Но не все, далеко не все могла принять и понять Маша. Об этом мы узнаем из письма Константина от 5 марта 1836 года, в котором он мягко жалуется ей на своего отца, Сергея Тимофеевича, и косвенно – на нее: «Сейчас имел я большой разговор с отесенькой; я высказывал ему мои любимые мысли, говорил и о поэзии и о религии. Благодарю Бога, что он не лишил меня чувства; благодарите и вы его за то же. Отесинька понимает, сколько меня можно понимать, но кто постигнет, например, сомнение в своем существовании? Вы, милая Машенька, вы понимаете мою тоску, мое стремление высказаться, мои мечты, мои предчувствия; но вам также показалось нелепостью это сомнение; а это так, право так! Но как вам передать это, как выразить отсутствие сознания – не знаю. Кажется, это останется вечным недоразумением между нами, если я не найду слов, или если на вас самих не нападет такое сомнение».

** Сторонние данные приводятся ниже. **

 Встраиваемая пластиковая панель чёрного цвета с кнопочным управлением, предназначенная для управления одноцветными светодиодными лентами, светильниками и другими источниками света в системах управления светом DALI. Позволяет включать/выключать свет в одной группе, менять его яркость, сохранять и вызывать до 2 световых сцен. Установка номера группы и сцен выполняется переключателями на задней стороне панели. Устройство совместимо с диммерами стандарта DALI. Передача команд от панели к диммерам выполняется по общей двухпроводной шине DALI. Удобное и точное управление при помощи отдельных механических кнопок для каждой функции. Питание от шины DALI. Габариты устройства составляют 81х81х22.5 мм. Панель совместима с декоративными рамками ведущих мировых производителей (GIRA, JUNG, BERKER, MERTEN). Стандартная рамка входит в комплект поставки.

Можно представить себе положение Сергея Тимофеевича! Со своей гибкостью и чуткостью, готовностью идти навстречу всему новому и свежему он внимательно прислушивался к словам сына, тем более что за его спиной стояло молодое поколение, Станкевич и его друзья, которых Аксаков-старший глубоко уважал. Он хотел идти в ногу со временем, постичь как можно больше, и Константин, со своей стороны, чувствовал это, отсюда его оговорка: «отесинька понимает, сколько меня можно понимать». Но ведь предел-то должен быть. Отесинька, который любил во всем отчетливость и определенность и больше всего ненавидел мечтательность и туманность, который перед отъездом Шевырева за границу увещевал его «ради Христа» забыть «немецкий мистицизм», ибо «он противен русскому духу», теперь вынужден слушать, как Константин выражает «сомнение в своем существовании». Узнавать, что жизнь есть сон, что крайности сходятся и что, следовательно, существовать означает как бы и не существовать… Это уж было слишком, и Сергей Тимофеевич, рискуя прослыть отсталым человеком, горячо восстал против утверждений сына.

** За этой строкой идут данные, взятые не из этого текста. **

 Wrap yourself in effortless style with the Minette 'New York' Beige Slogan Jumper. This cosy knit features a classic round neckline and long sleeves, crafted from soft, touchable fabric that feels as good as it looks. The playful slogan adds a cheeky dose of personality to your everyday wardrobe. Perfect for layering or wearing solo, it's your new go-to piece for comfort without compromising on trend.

Не поддержала Константина, как видим, и Машенька, которая в вопросе о магнетизме (то есть о гипнозе) готова была пойти ему навстречу.

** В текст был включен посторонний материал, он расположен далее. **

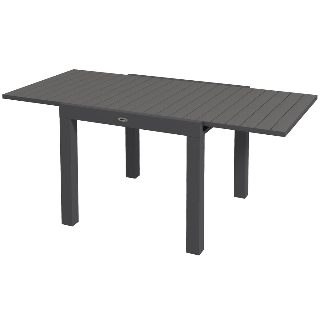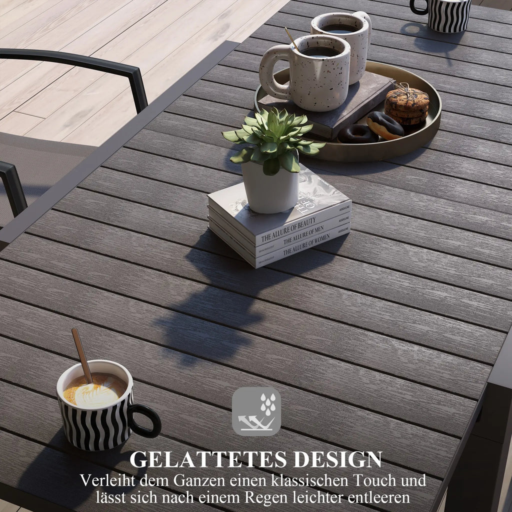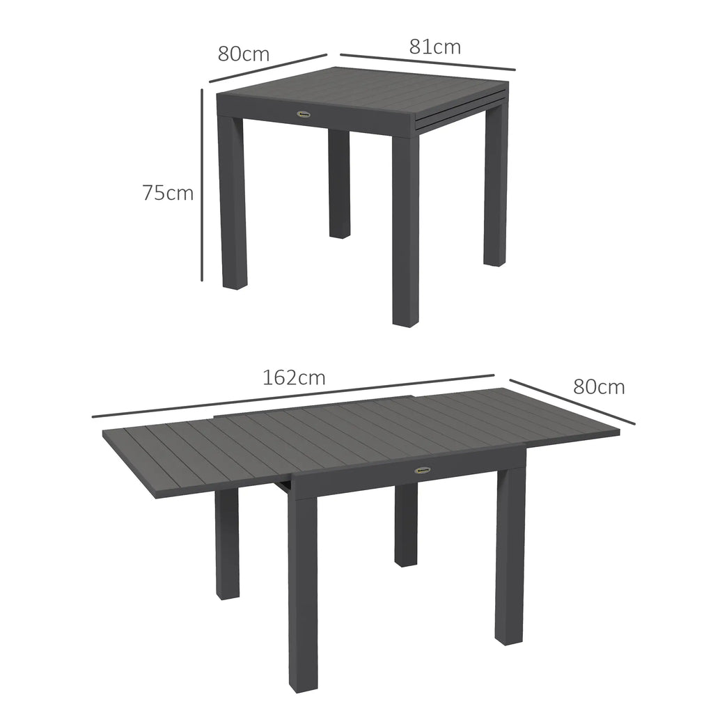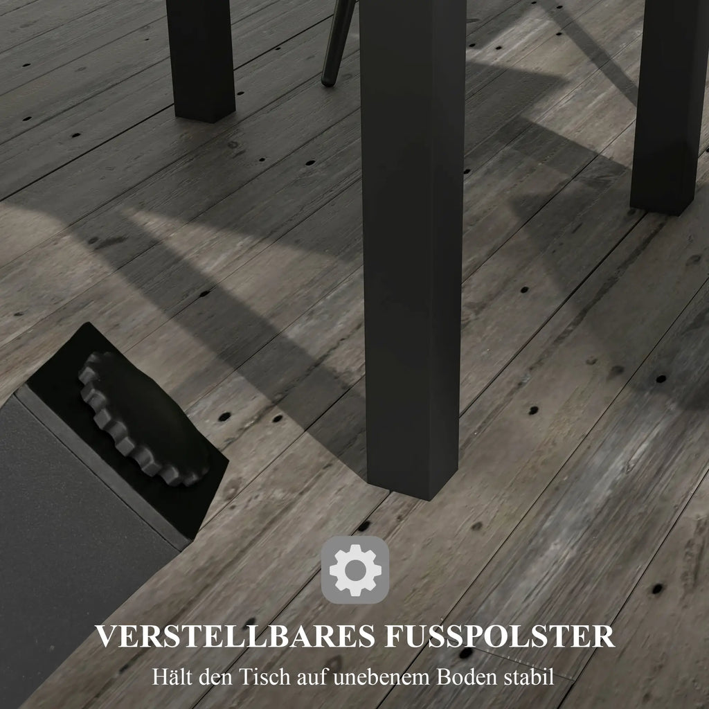 Der ausziehbare Terrassentisch Outsunny ist ein vielseitiger Tisch, der sich Ihren Bedürfnissen anpasst. Er bietet Platz für vier Personen und lässt sich leicht auf sechs erweitern, wenn Gäste kommen. Er besteht aus pulverbeschichtetem Aluminium. Er ist wasserdicht, leicht und einfach zu bedienen. Regen kann dank des klassischen Lattenrostdesigns einfach abfließen. Die Fußstützen des Balkontisches sind verstellbar. Sie passen sich jedem Bodenbelag an.

Но не поддержали и товарищи по кружку, прежде всего Станкевич. Это становится совершенно ясным, если внимательно прочитать его письма, вдуматься в те намеки, которые он бросает мимоходом. Вот, например, в письме к друзьям Беерам от 9 октября 1835 года: «Аксаков думает, что он – мечта. Не мечта ли и я? Спрошу у Марии Афанасьевны». Сказано, конечно, с ядовитой иронией.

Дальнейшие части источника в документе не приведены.